EXERCISE:
Every line of the data should be written out exactly, with the pictures left out.

PROVIDED MATERIAL:
# # # # # # #
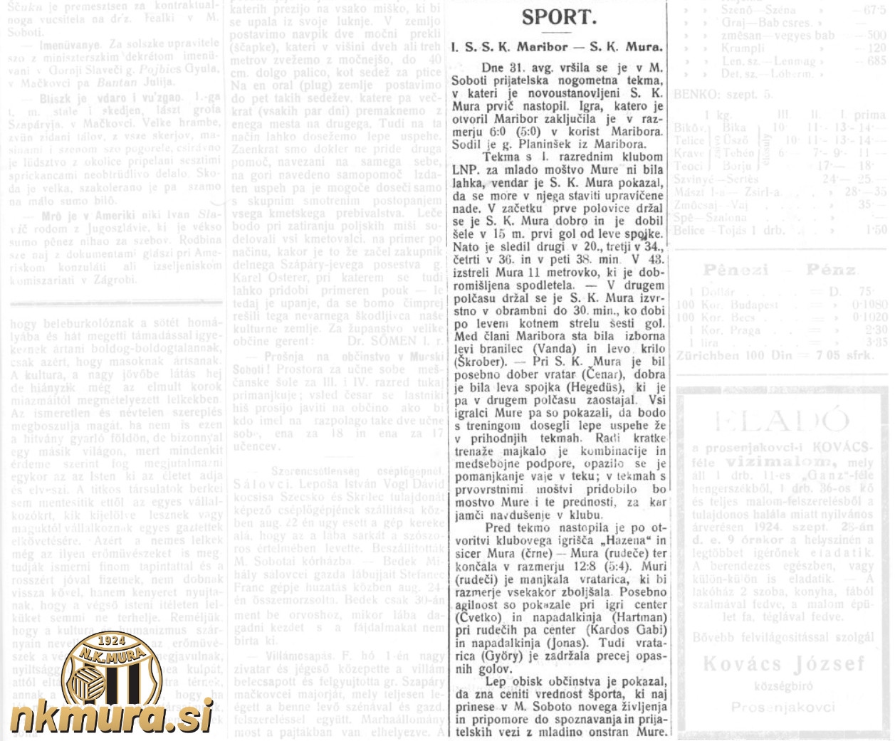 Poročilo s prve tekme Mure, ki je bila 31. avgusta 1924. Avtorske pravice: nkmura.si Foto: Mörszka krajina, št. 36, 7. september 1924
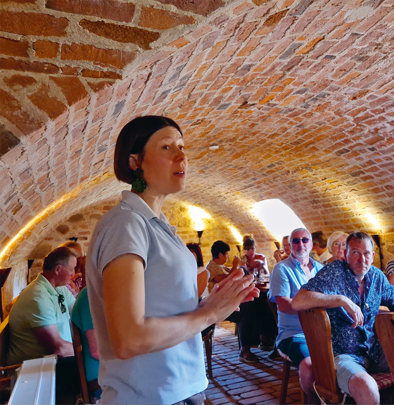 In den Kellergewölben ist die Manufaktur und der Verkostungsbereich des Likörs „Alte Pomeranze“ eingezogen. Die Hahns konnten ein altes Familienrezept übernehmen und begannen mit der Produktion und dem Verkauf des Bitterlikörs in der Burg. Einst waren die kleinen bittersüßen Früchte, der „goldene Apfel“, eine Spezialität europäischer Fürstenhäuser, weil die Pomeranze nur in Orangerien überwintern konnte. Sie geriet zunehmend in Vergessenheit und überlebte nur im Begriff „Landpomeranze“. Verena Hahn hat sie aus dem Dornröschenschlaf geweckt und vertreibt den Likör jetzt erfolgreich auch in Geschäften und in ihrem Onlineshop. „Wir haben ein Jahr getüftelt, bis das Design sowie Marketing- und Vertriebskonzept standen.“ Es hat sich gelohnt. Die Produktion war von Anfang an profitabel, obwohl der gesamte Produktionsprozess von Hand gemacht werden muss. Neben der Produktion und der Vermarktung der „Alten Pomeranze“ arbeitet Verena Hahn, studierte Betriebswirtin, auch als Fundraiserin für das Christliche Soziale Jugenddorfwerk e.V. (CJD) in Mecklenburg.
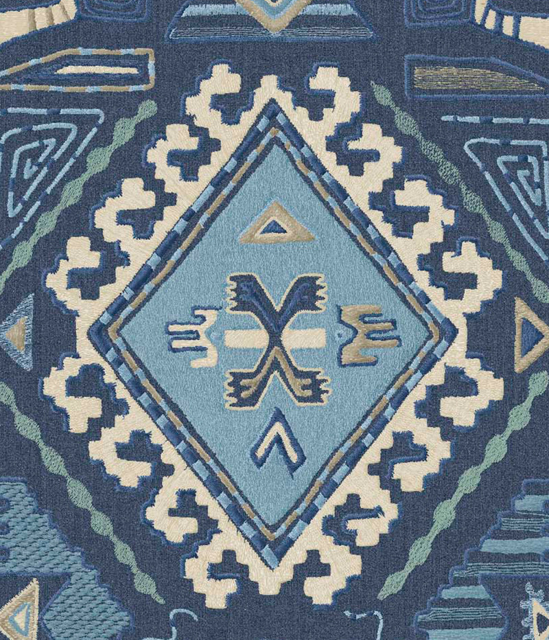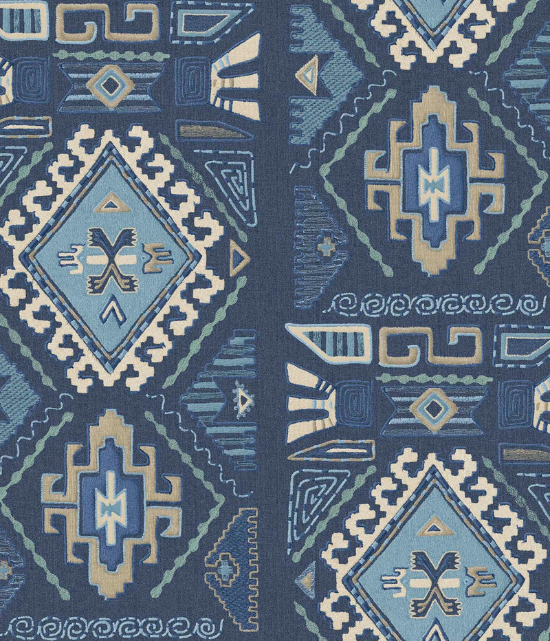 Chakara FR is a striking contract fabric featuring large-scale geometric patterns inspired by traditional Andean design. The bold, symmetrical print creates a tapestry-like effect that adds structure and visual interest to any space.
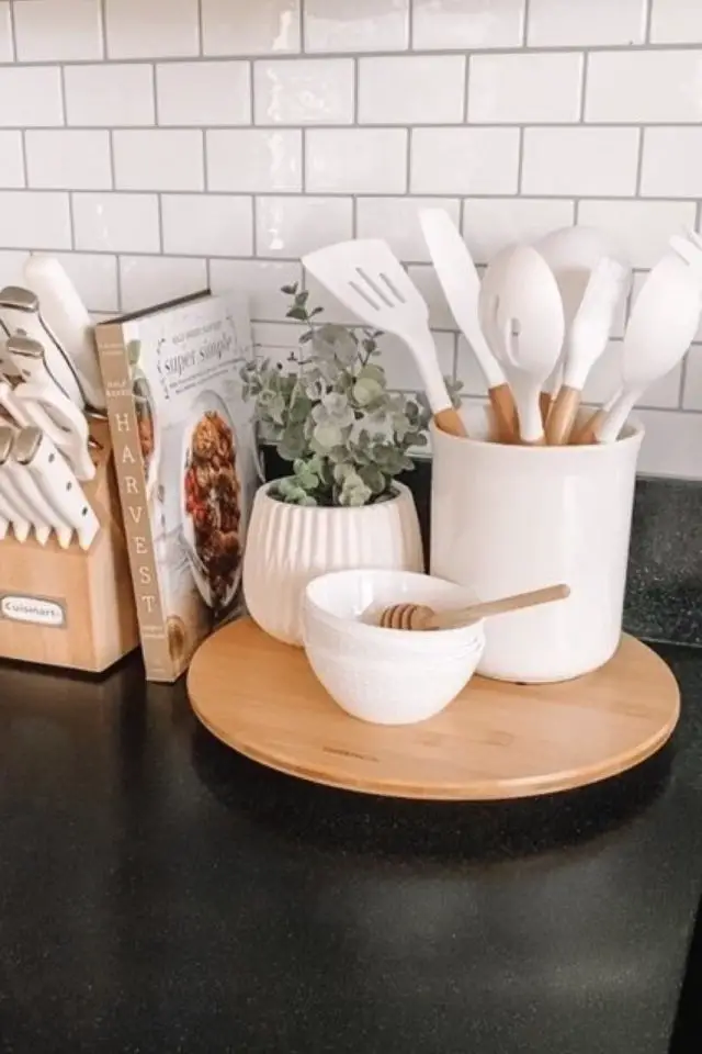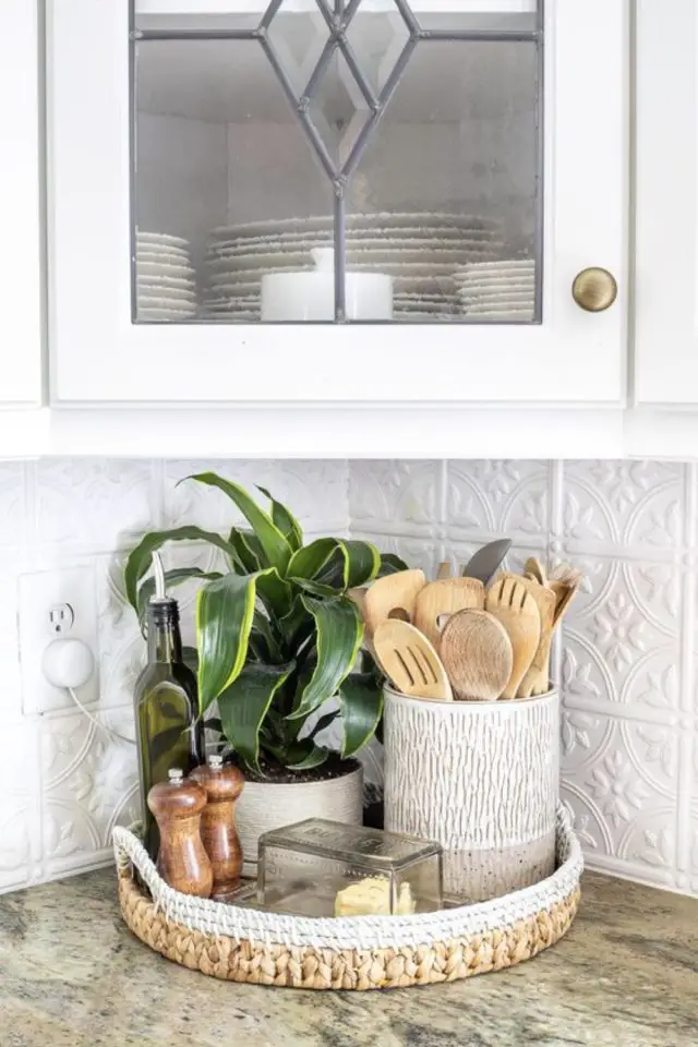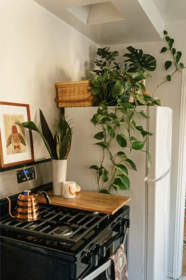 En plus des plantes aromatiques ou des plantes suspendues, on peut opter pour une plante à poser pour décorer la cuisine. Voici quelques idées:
# # # # # # #
THE ANSWER:
 Poročilo s prve tekme Mure, ki je bila 31. avgusta 1924. Avtorske pravice: nkmura.si Foto: Mörszka krajina, št. 36, 7. september 1924
 In den Kellergewölben ist die Manufaktur und der Verkostungsbereich des Likörs „Alte Pomeranze“ eingezogen. Die Hahns konnten ein altes Familienrezept übernehmen und begannen mit der Produktion und dem Verkauf des Bitterlikörs in der Burg. Einst waren die kleinen bittersüßen Früchte, der „goldene Apfel“, eine Spezialität europäischer Fürstenhäuser, weil die Pomeranze nur in Orangerien überwintern konnte. Sie geriet zunehmend in Vergessenheit und überlebte nur im Begriff „Landpomeranze“. Verena Hahn hat sie aus dem Dornröschenschlaf geweckt und vertreibt den Likör jetzt erfolgreich auch in Geschäften und in ihrem Onlineshop. „Wir haben ein Jahr getüftelt, bis das Design sowie Marketing- und Vertriebskonzept standen.“ Es hat sich gelohnt. Die Produktion war von Anfang an profitabel, obwohl der gesamte Produktionsprozess von Hand gemacht werden muss. Neben der Produktion und der Vermarktung der „Alten Pomeranze“ arbeitet Verena Hahn, studierte Betriebswirtin, auch als Fundraiserin für das Christliche Soziale Jugenddorfwerk e.V. (CJD) in Mecklenburg.
 Chakara FR is a striking contract fabric featuring large-scale geometric patterns inspired by traditional Andean design. The bold, symmetrical print creates a tapestry-like effect that adds structure and visual interest to any space.
 En plus des plantes aromatiques ou des plantes suspendues, on peut opter pour une plante à poser pour décorer la cuisine. Voici quelques idées:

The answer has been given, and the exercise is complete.